Should we let AI decide?
Image credit: Getty Images
Getting the artificial intelligence process right the first time around enables it to be the best it can be.
Women were finding it tough to get jobs at Amazon. Not, it turned out, due to conscious discrimination in the HR department, but instead because of bias inherent in the AI-driven selection algorithm.
The problem is that not all artificial intelligence (AI) systems are equally good. Ideally, they start off good and become better, but equally they can start off bad and become worse. What makes the algorithm good is if it learns ‘fairly’, removing any human bias from its operation. If it doesn’t recognise this bias and have the ability to counter it, any new data reinforces that bias and the effect is amplified. Indeed removing human bias from systems and allowing an AI program to be not just artificially intelligent, but actually intelligent of its own accord, is the next step for AI.

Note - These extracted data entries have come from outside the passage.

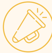
Sensibilisation de la jeunesse

Sont préconisés par les 60 ans et plus et les 18-30 ans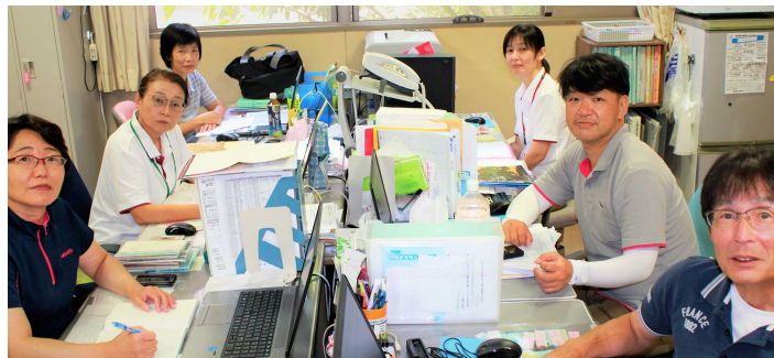
新型コロナウイルス感染対策のお知らせとお願い

「まずは安心して家で暮らせるようになりたい」「少しでも自立を目指したい」という気持ちに寄り添いながら、実現できるように支援していきたいと考えています。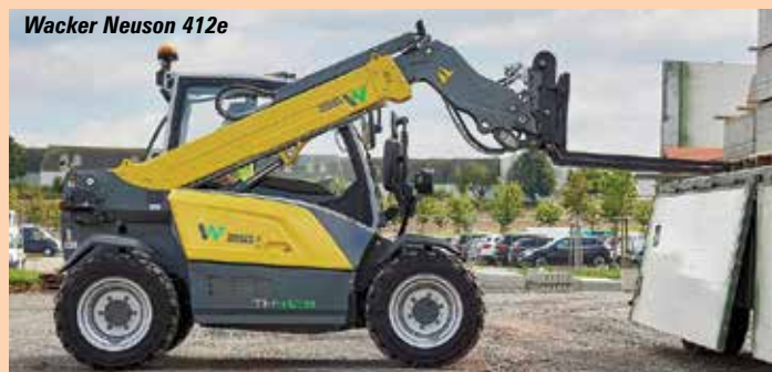
Wacker Neuson 412e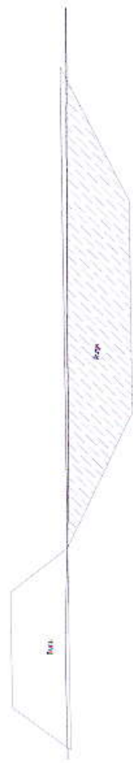
รูปตัด sta 0+400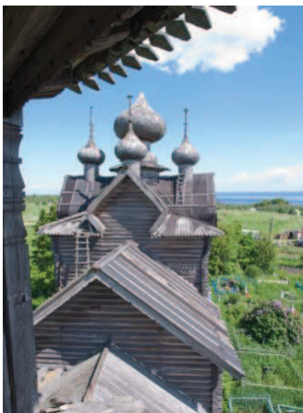
ЦЕРКОВЬ ДМИТРИЯ МИРОТОЧИВОГО

Внутри прибрано, в алтарной части стоит освященный Престол, есть несколько икон. Однако, службы здесь ведутся крайне редко, в деревне очень мало верующих, в основном здесь живут дачники. Для дач и отдыха Щелейки - действительно замечательное место! Немного отдохнув и подкрепившись на берегу Онеги, мы умылись онежской водой и отправились дальше в Гимреку.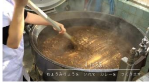
ちようりようちよう いんてい かーしーを つくります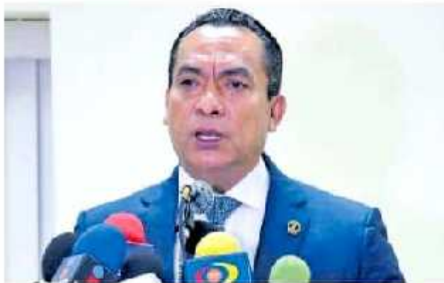
El funcionario manifestó que las investigaciones continúan coordinadas con la Guardia Nacional.

De manera simultánea, en la ciudad vialidad, a la altura de la colonia San Rafael, se encontraron los restos de cinco personas colgadas debajo de un puente peatonal, seis que corresponden a hombres y uno más de mujer, entre otros que en un tercer hallazgo, muertos a 160' realiza las diligencias correspondientes respecto al caso, se hallaron tres cuerpos más sobre el mismo bulvar a la altura del asentamiento llamado Ampliación Revolución, que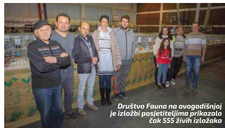
Društvo Fauna na ovogodišnjoj je izložbi posjetiteljima prikazalo čak 555 živih izložaka

A da u 2020. DŠR planira raditi još ambicioznije, potvrđuje i iznimno bogat program rada koji je iznio G. Habek. Na skupu su pri-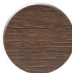
Sucupira SC001 PC Sucupira SC001 PC Sucupira SC001 PC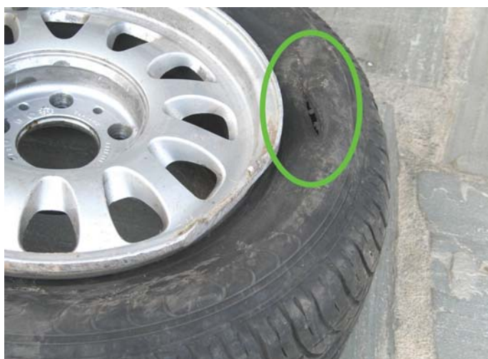
Bild 1: Rad hinten links, Außenseite mit durchgeschliffener Flanke

Bei einem Bruch des Wulstkernes sind äußerlich keine Spuren erkennbar. Ein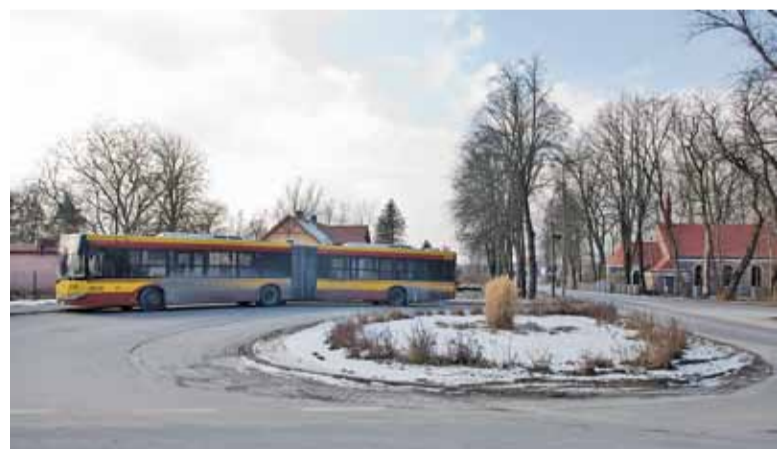
Obecna pętla linii 728 w Złotokłosie miałyby być zwykłym przystankiem

Bias can be introduced unintentionally when the AI makes an inference from a data set without any context. This sort of scenario occurs because the vast majority of AI’s applications today use deep learning to find patterns in data.
The unintentional result is that bias is introduced based on past experience. And although deep-learning models are tested for performance before they are deployed, they are not tested for downstream effects such as unintentional bias.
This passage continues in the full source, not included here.